Required action -> The output must contain exactly the lines from the top of the listing below through the line containing "A signed mounted", and no pictures.

Data below ->

BEGIN

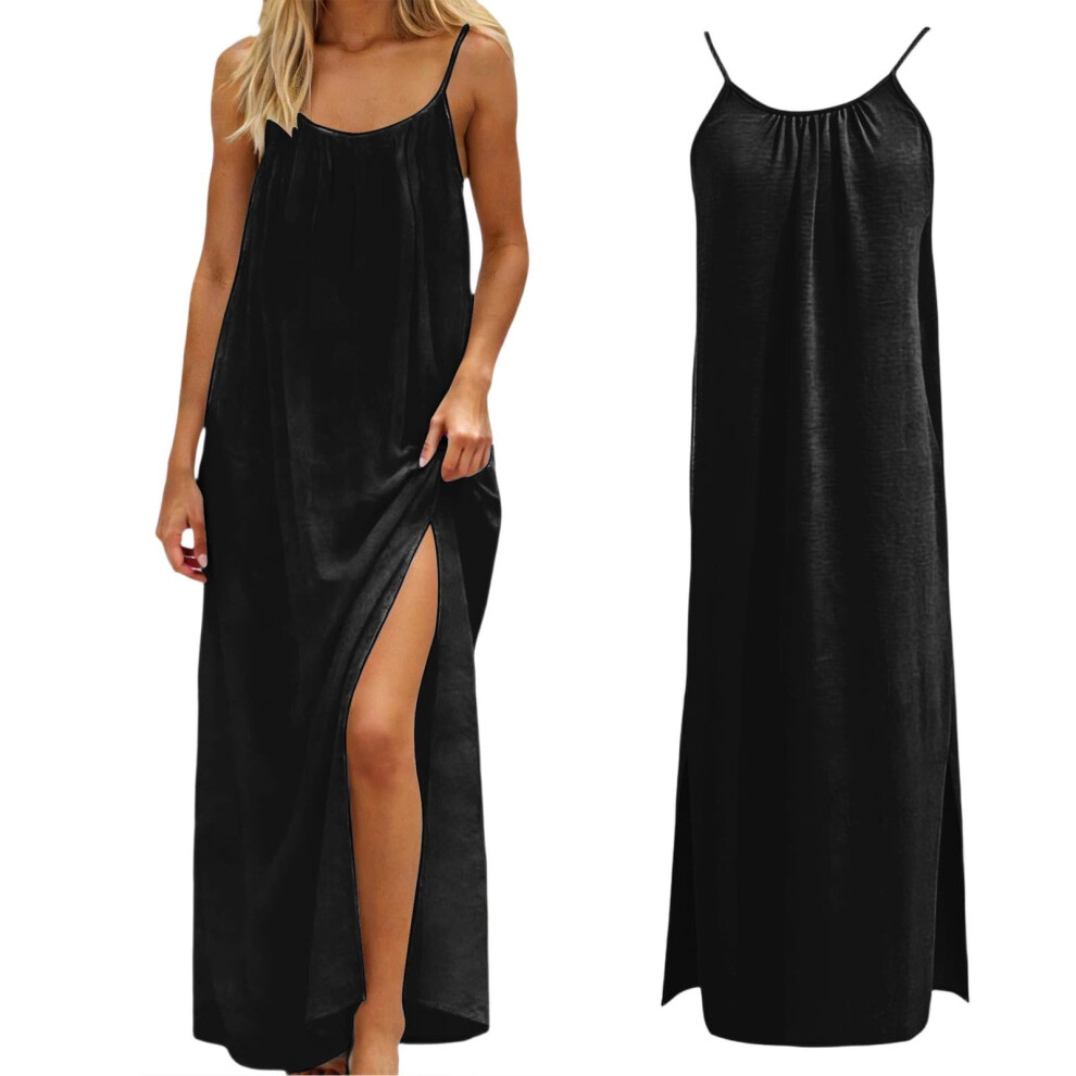 Womens Summer Dresses Sleeveless Backless Cami Dress Split Hem Spaghetti Strap Dresses for Women Black Dresses Beach Dress
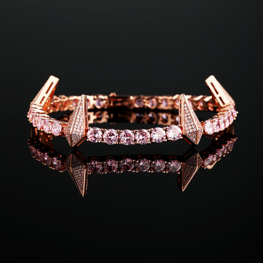 5 毫米玫瑰金粉色斗牙爪网球手链
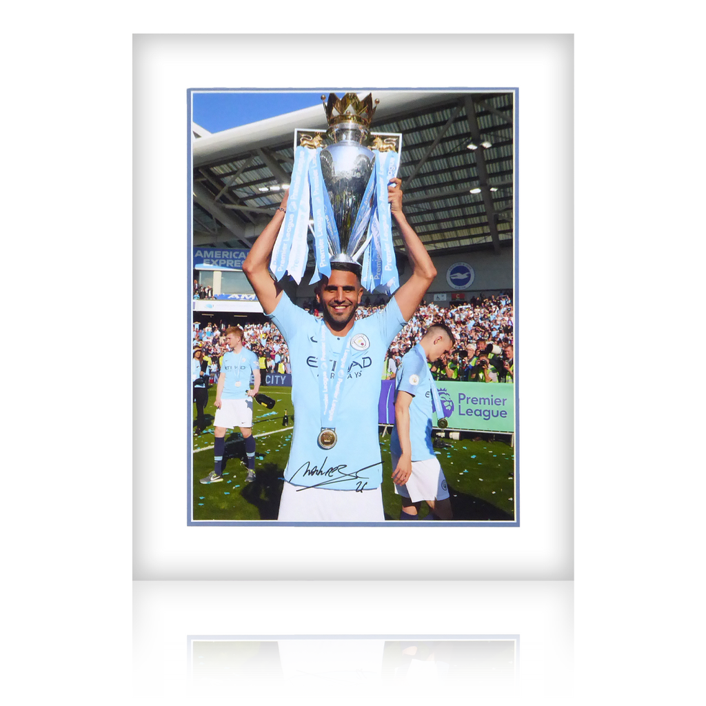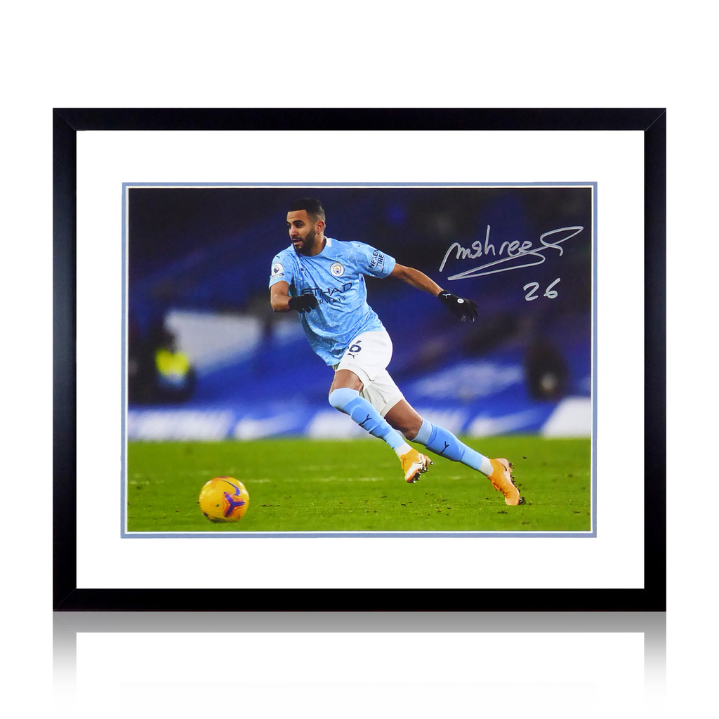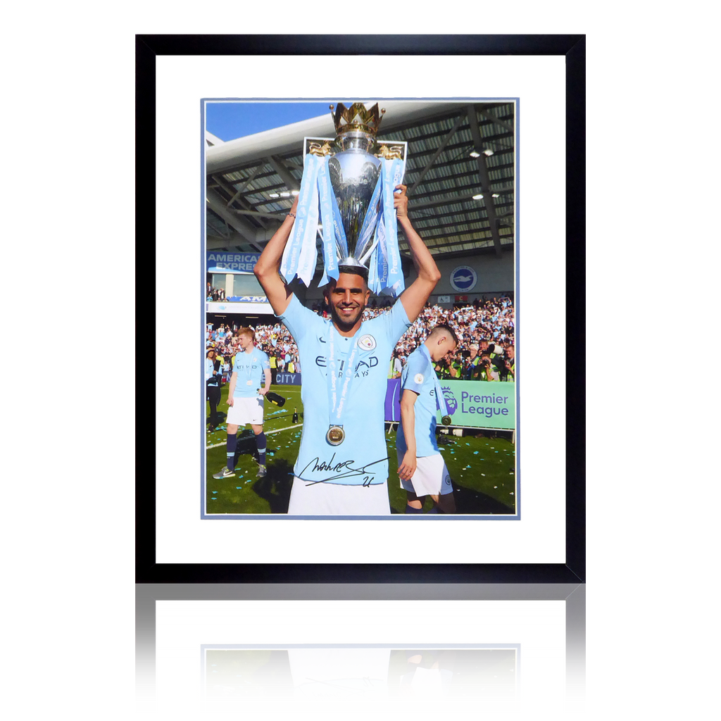 A signed mounted photo in a frame by Riyad Mahrez. So far in his Manchester City career his has won 9 trophies with the club which include 3 Premier League titles, 1 FA Cup, 2 Community Shields and 3 League Cups in a row.
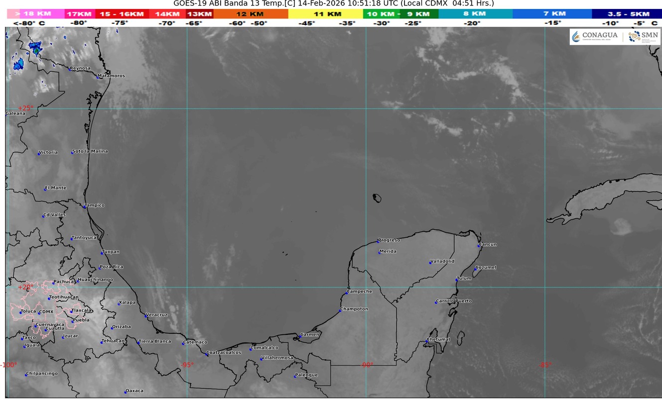 Circulación anticiclónica en niveles medios de la atmósfera localizada sobre la mayor parte del territorio nacional, mantendrá condiciones mayormente estables, en el estado de Quintana Roo prevalecerá cielo parcialmente nublado, sin lluvias, ambiente caluroso durante el día, bancos de niebla en tramos carretero, zonas rurales y urbanas del estado. A partir de este sábado se prevé inicie un evento de “Surada” con rachas de viento de 40 a 60 km/h sobre el territorio estatal, principalmente sobre las zonas de costa.

END

Solution to the problem ->
 Womens Summer Dresses Sleeveless Backless Cami Dress Split Hem Spaghetti Strap Dresses for Women Black Dresses Beach Dress
 5 毫米玫瑰金粉色斗牙爪网球手链
 A signed mounted photo in a frame by Riyad Mahrez. So far in his Manchester City career his has won 9 trophies with the club which include 3 Premier League titles, 1 FA Cup, 2 Community Shields and 3 League Cups in a row.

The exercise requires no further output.